6) Testing and Use of Information
A number of contributions on this theme indicated confidence in the value of testing, as a key determinant for greater safety and a return to previous conditions. However, much discussion cited lack of access or availability of testing, with suggestions for improvement. The efficacy of tests was also questioned, and issues with the Protect Scotland mobile app were flagged. There were calls to improve the reporting on local statistics, and share greater granularity of the data.
Key themes discussed included:
- Testing, tracking and self-isolation
- Use of information
Testing, tracking and self-isolation
A number of contributions included concerns about availability of tests in rural areas, and examples of respondents being directed to testing stations outside Scotland, and students’ lack of access to tests. In some cases the booking system was seen as not being able to handle the volume of applications and access to home-test kits was also preceived to be limited.
Suggestions to improve access included involving community nurses and furloughed workers with administering testing, and for Scotland to develop its own testing system.
Some contributors raised issues regarding the waiting times for results, especially given the requirement to self-isolate while waiting and uncertainty around whether self-isolation would have to continue following the result, which was perceived to be a cause of stress and inconvenience.
A range of contributors highlighted the importance of testing to support appropriate public health responses and give a quick outcome to those uncertain about their symptoms. In addition to comments about the efficiency of the testing system, there were respondents who showed support for the concept of test and trace specifically. At the same time, a number of contributors were concerned about the efficacy of tests. ‘False positives’ were seen as leading to unnecessary self-isolation. However there was also some perception that a negative test might not be a guarantee of a lack of infection. Some respondents argued that false positives would give an inaccurate basis for informing decisions about how to manage the pandemic, or judge individual risk.
Others were keen to see ‘rapid testing’ introduced as a way of ensuring that people could have the assurance that they were not infectious. Rapid testing could then be employed at events, for school teachers, at care homes and prior to air travel. There were calls to have testing available at airports upon arrival. However, other contributors cautioned that this was not necessarily a guarantee they were free of infection, merely that it was not detectable at the time.
There were calls for antibody testing to be made available for key workers and to those shielding.
‘Shielders, NHS and care workers should have antibody tests to see if we've already had Covid-19 without any drastic symptoms or consequences. After an antibody test, everyone could make their own decisions about the risks they take in everyday life.’
One contributor argued that being unable to run the Test and Protect app alongside equvalents in other parts of the UK would cause problems for those living and working across the border. It was suggested retail staff should be able to carry their mobile phones with them on the shop floor during shifts to enable them to know if they have been exposed to the virus.
There were respondents who argued for more contact tracers to be hired to improve the effectiveness of Test and Protect, especially in terms of ensuring those who came into contact with someone who had tested positive be informed promptly. Some respondents reported that there had been instances when close contacts reported after a positive test had not been followed up, or else a positive code had not been provided to input into the Test and Protect app.
It was suggested that there should be more encouragement and incentives for using the Test and Protect system. A number of respondents suggested providing ‘key support workers’ for those being asked to self-isolate (see below), while a number of comments across a range of ideas supported financial incentives to maintain isolation. Some saw the threat of a fine for not self-isolating acting as a disincentive to get tested if you have mild symptoms. Others were concerned that employees should be provided with official confimation that staff should self-isolate in order to protect them from being ‘penalised’.
‘(...) Provide a "key support worker" for those being asked to self isolate. To provide practical advice and moral support to help people do the right thing. A key support worker could check in with the household perhaps twice a day, to check they had food, supplies, be an advocate for them liaising with employers, accessing services and benefits etc. the 3rd sector could be asked to help provide this for households self isolating (…).’
Use of information
There were various calls to improve the reporting of local statistics in order to ensure people were informed about areas with higher risk of transmission. Some called for the government to report cases based on asymptomatic individuals.
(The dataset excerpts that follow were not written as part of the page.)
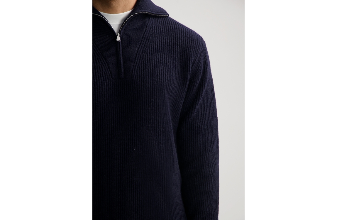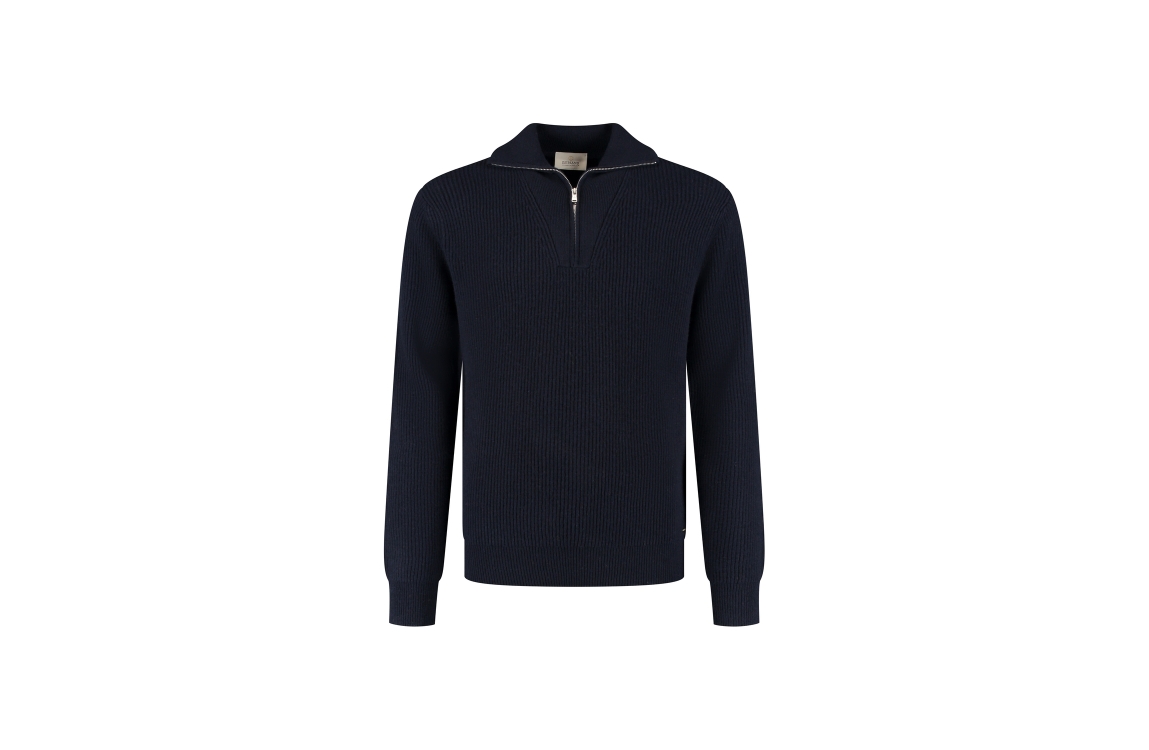 Dstrezzed Stefan Skipper pullover 405939. Dit rechtvallend model heeft een ronde hals met rits en lange mouwen. Deze blauwe pullover van Dstrezzed is uitgevoerd in een structuur en afgewerkt met elastische boorden aan de onderzijde.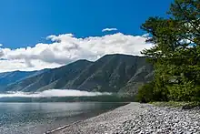 Vue des montagnes dominant le lac Baïkal dans la réserve naturelle Baïkal-Léna.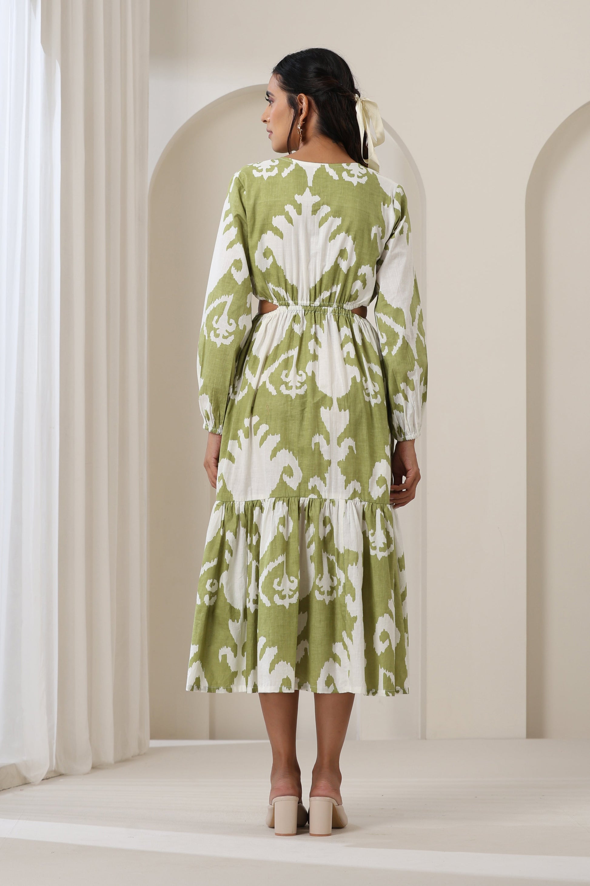 The Hannah Green Midi Dress is handcrafted in the softest cotton and comes in a tiered silhouette with an elasticated waist. The balloon sleeves and cutouts on the waist add a touch of femineity to the look. Team it with nude sandals and statement earrings to complete the look. The dress is partially lined.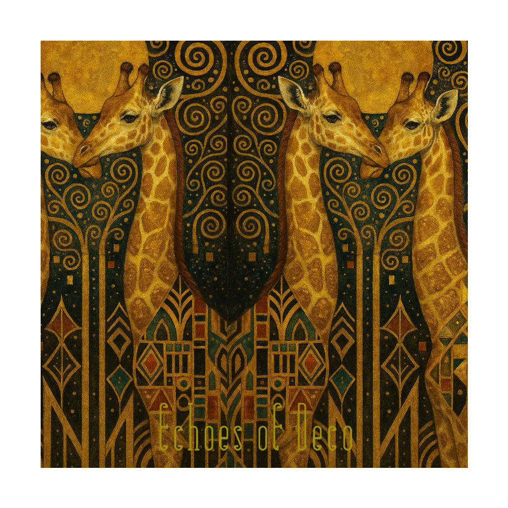 キリンたちの優雅な佇まいと、背景にちりばめられたアール・デコの模様。

There were also calls for greater granularity of the data, for example, information on how many of the people who died of COVID-19 had pre-existing or underlying health conditions. There was an idea to improve the test and trace system by collecting and storing personal data centrally rather than relying on businesses (e.g. in hospitality) having to collect and store such data individually.
‘Instead of relying on each individual business to collect and save their own contact tracing info have every business saves the information daily on a unified system. Therefore, when an outbreak occurs it will be much easier for contact tracers to collect the information and it may be less likely for businesses to fail to collect the information The government can supply a QR code/test message system that allows people to access this system which is connected to the restaurant.’